Calderón emerged victorious in a highly contested election against center-left candidate Andrés Manuel López Obrador (PRD), winning by a mere 0.56% in an election marred by allegations of fraud. López Obrador led a campaign of protest with large demonstrations and a concentration in the capital for months, but after a partial recount, Calderón was officially declared the winner, despite a significant portion of the population considering the election illegitimate until the end of his term.
To address these allegations, Calderón promoted an electoral reform approved by the main parties and initiated a war against drug cartels. This campaign, supported financially and militarily by the United States, employed 45,000 Mexican military personnel, in addition to police forces.
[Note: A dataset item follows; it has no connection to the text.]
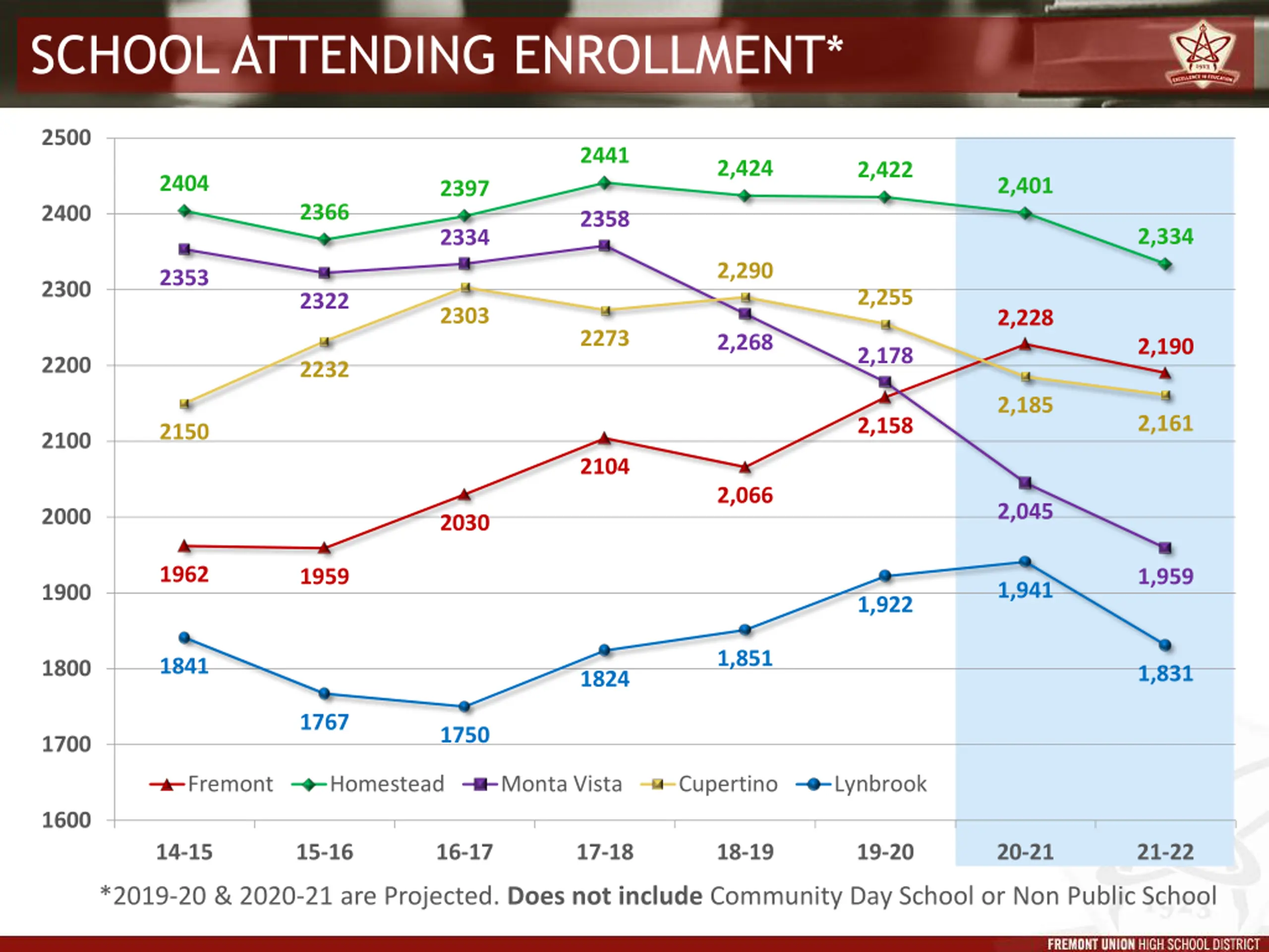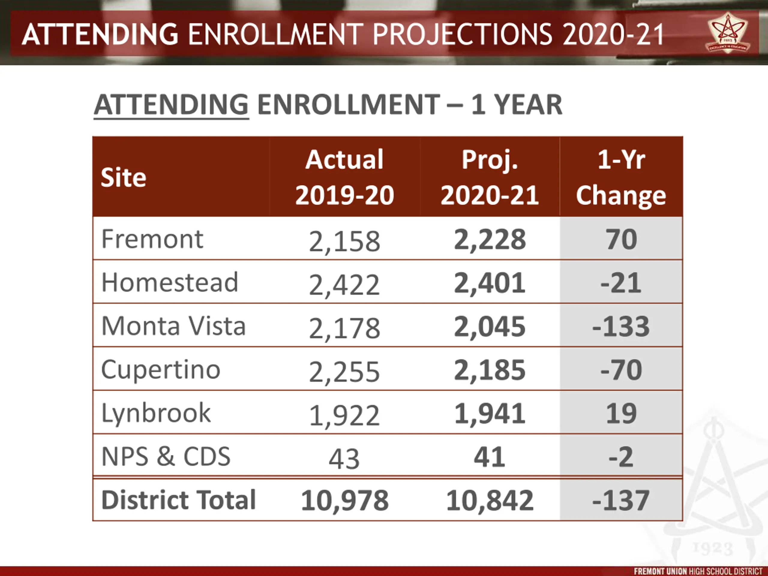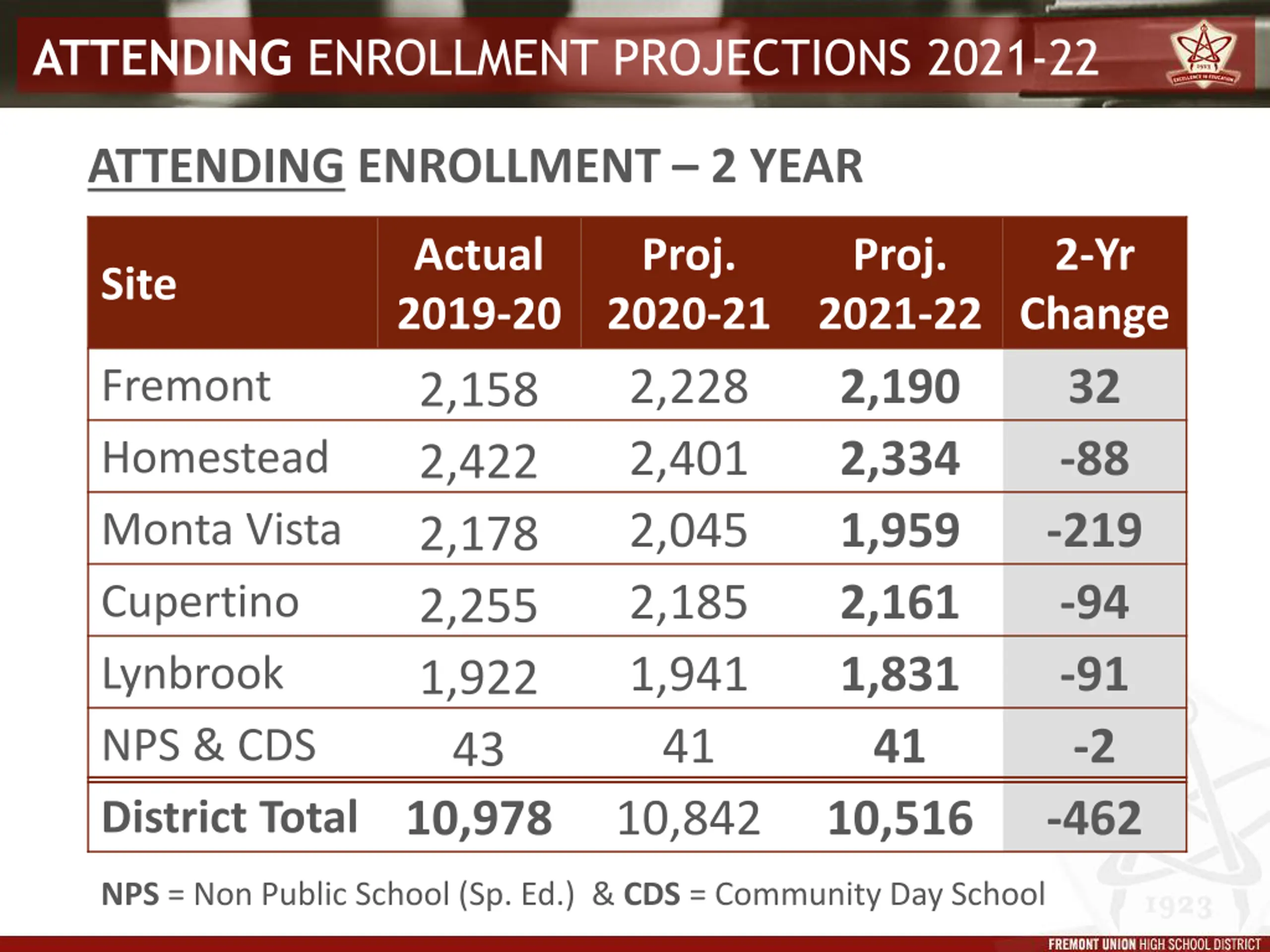 ATTENDING ENROLLMENT PROJECTIONS 2021-22 ATTENDING ENROLLMENT 2 YEAR Actual 2019-20 2,158 2,422 2,178 2,255 1,922 43 Proj. 2020-21 2,228 2,401 2,045 2,185 1,941 41 10,842 Proj. 2021-22 2,190 2,334 1,959 2,161 1,831 41 10,516 2-Yr Change 32 -88 -219 -94 -91 -2 -462 Site Fremont Homestead Monta Vista Cupertino Lynbrook NPS & CDS District Total 10,978 NPS = Non Public School (Sp. Ed.) & CDS = Community Day School

The results were disastrous: imprecise figures suggest that over 60,000 civilians died, the competition between cartels intensified, and there was no reduction in drug production, sale, or consumption. Numerous human rights violations, including torture, rape, and executions, were reported to the Inter-American Commission on Human Rights (CIDH).
However, the campaign against drug trafficking served to overshadow his government’s neoliberal actions, such as the Ley Federal de Trabajo, which advanced the precarization of labor relations. Overall, Calderón’s six-year term in Los Pinos was marked by the inability to fulfill his main campaign promises, particularly his electoral slogan of being “The president of employment,” as unemployment rates remained high.